Custom evaluators can be **sync or async functions**. Assign them to module-level variables in `pixie_qa/evaluators.py`:

```python
from pixie import Evaluation, Evaluable

def my_evaluator(evaluable: Evaluable, *, trace=None) -> Evaluation:
    score = 1.0 if "expected pattern" in str(evaluable.eval_output) else 0.0
    return Evaluation(score=score, reasoning="...")
```

Reference by `filepath:callable_name` in the dataset: `"pixie_qa/evaluators.py:my_evaluator"`.

**Accessing `eval_metadata` and captured data**: Custom evaluators access per-entry metadata and `wrap()` outputs via the `Evaluable` fields:

- `evaluable.eval_metadata` — dict from the entry's `eval_metadata` field (e.g., `{"expected_tool": "endCall"}`)
- `evaluable.eval_output` — `list[NamedData]` containing ALL `wrap(purpose="output")` and `wrap(purpose="state")` values. Each item has `.name` (str) and `.value` (JsonValue). Use the helper below to look up by name.

```python
def _get_output(evaluable: Evaluable, name: str) -> Any:
    """Look up a wrap value by name from eval_output."""
    for item in evaluable.eval_output:
        if item.name == name:
            return item.value
    return None

def call_ended_check(evaluable: Evaluable, *, trace=None) -> Evaluation:
    expected = evaluable.eval_metadata.get("expected_call_ended") if evaluable.eval_metadata else None
    actual = _get_output(evaluable, "call_ended")
    if expected is None:
        return Evaluation(score=1.0, reasoning="No expected_call_ended in eval_metadata")
    match = bool(actual) == bool(expected)
    return Evaluation(
        score=1.0 if match else 0.0,
        reasoning=f"Expected call_ended={expected}, got {actual}",
    )
```

## 3c. Produce the evaluator mapping artifact

Write the criterion-to-evaluator mapping to `pixie_qa/03-evaluator-mapping.md`. This artifact bridges between the eval criteria (Step 1b) and the dataset (Step 4).
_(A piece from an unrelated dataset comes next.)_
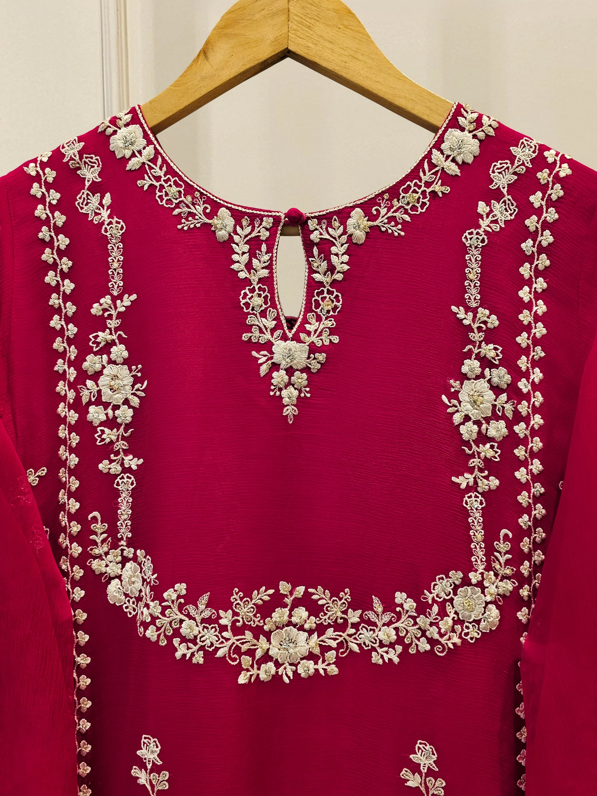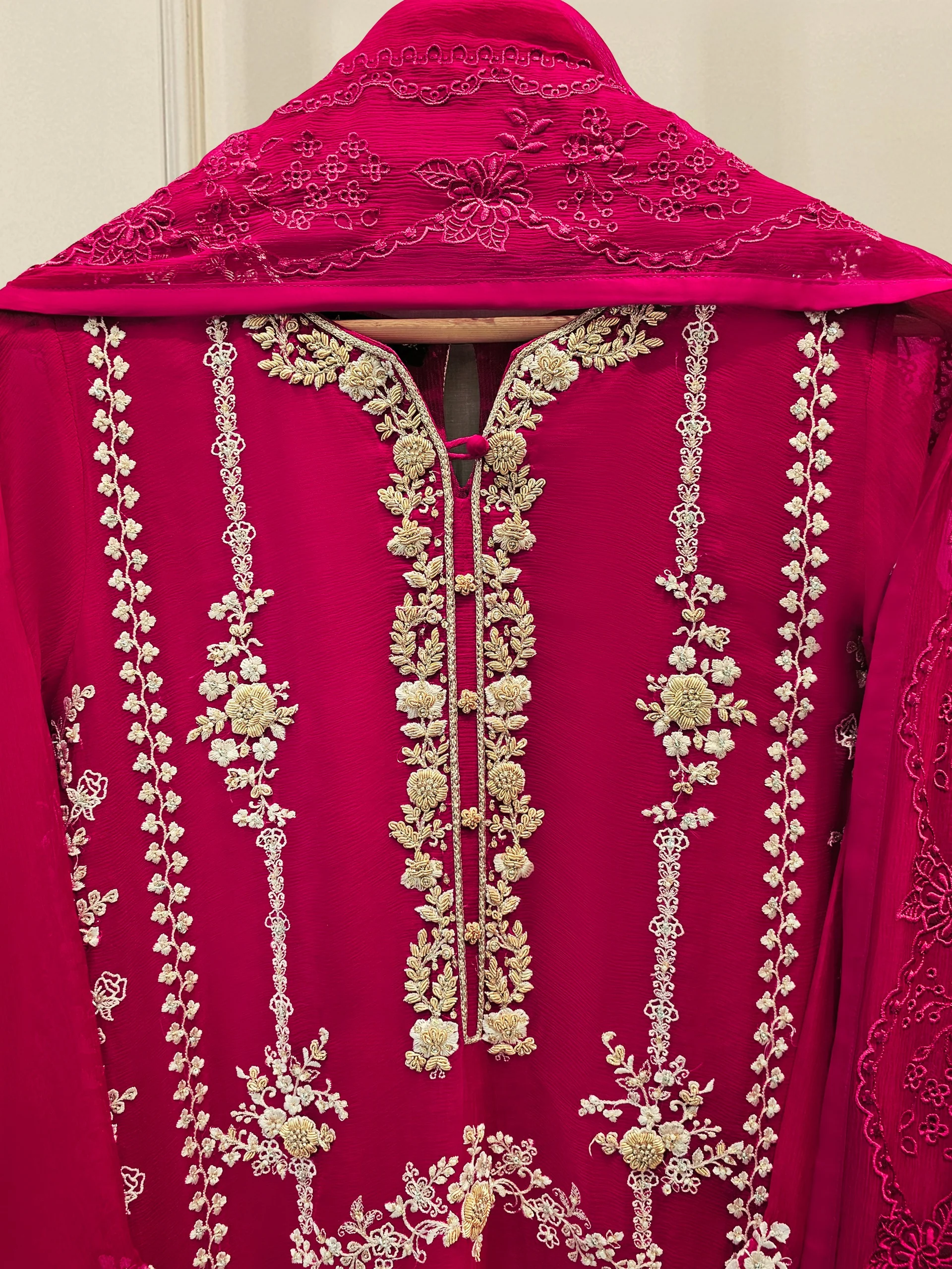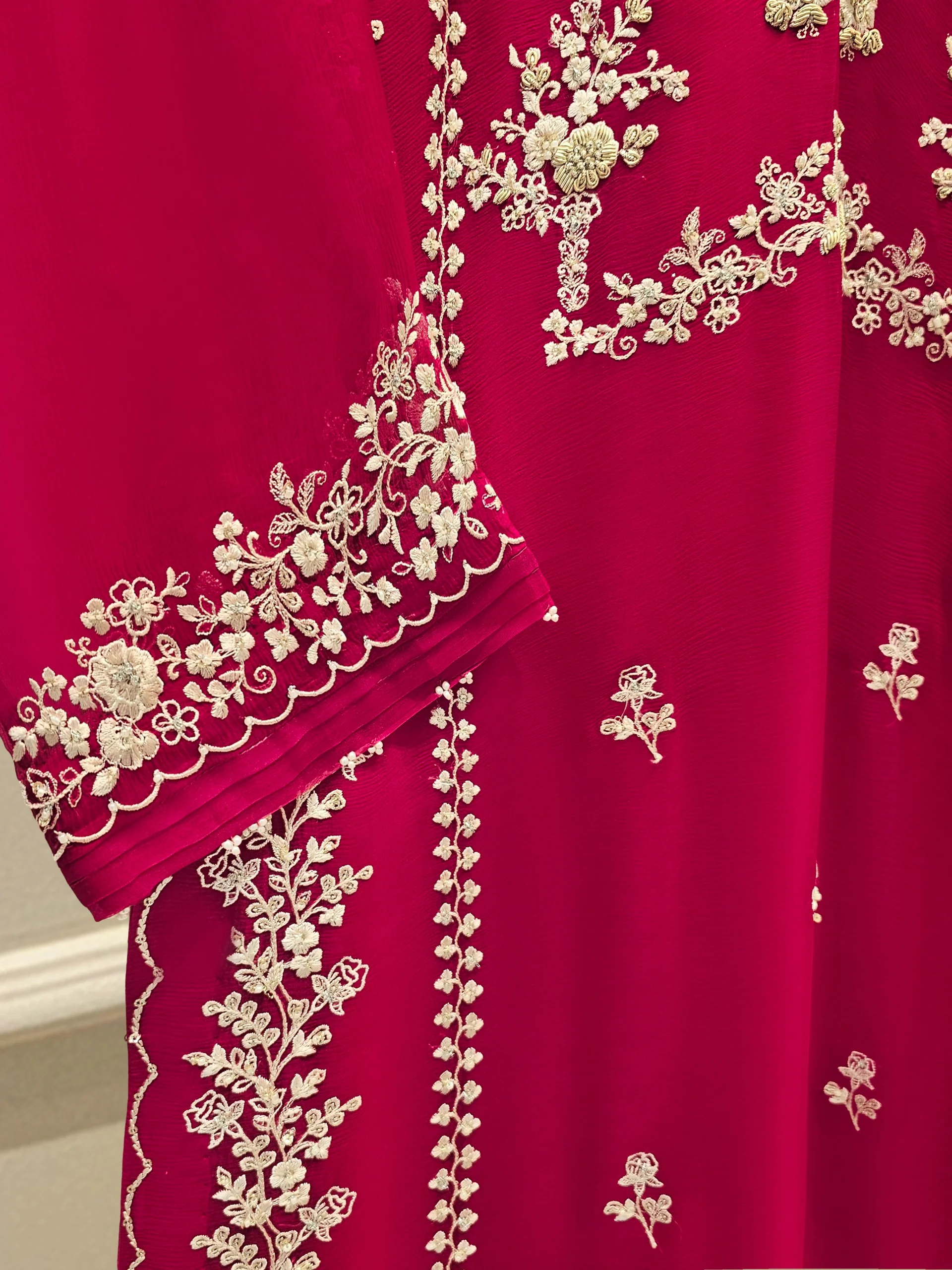 Elevate your style with Aghanoors hot pink embroidered chiffon straight shirt crafted with utmost care and attention to detail. The shirt features intricate embroidery on the front and sleeves, adding a touch of timeless charm. Paired with a matching pant & dupatta Length: 46″

**CRITICAL**: Use the exact evaluator names as they appear in the `evaluators.md` reference — built-in evaluators use their short name (e.g., `Factuality`, `ClosedQA`), and custom evaluators use `filepath:callable_name` format (e.g., `pixie_qa/evaluators.py:ConciseVoiceStyle`).

### Template

```markdown
# Evaluator Mapping

## Built-in evaluators used

| Evaluator name | Criterion it covers | Applies to                 |
| -------------- | ------------------- | -------------------------- |
| Factuality     | Factual accuracy    | All items                  |
| ClosedQA       | Answer correctness  | Items with expected_output |

## Custom evaluators

| Evaluator name                           | Criterion it covers | Applies to | Source file            |
| ---------------------------------------- | ------------------- | ---------- | ---------------------- |
| pixie_qa/evaluators.py:ConciseVoiceStyle | Phone-friendly tone | All items  | pixie_qa/evaluators.py |

## Applicability summary

- **Dataset-level defaults** (apply to all items): Factuality, pixie_qa/evaluators.py:ConciseVoiceStyle
- **Item-specific** (apply to subset): ClosedQA (only items with expected_output)
```

## Output

- Custom evaluator implementations in `pixie_qa/evaluators.py` (if any custom evaluators needed)
- `pixie_qa/03-evaluator-mapping.md` — the criterion-to-evaluator mapping

---

> **Evaluator selection guide**: See `evaluators.md` for the full evaluator catalog, selection guide (which evaluator for which output type), and `create_llm_evaluator` reference.
>
> **If you hit an unexpected error** when implementing evaluators (import failures, API mismatch), read `evaluators.md` for the authoritative evaluator reference and `wrap-api.md` for API details before guessing at a fix.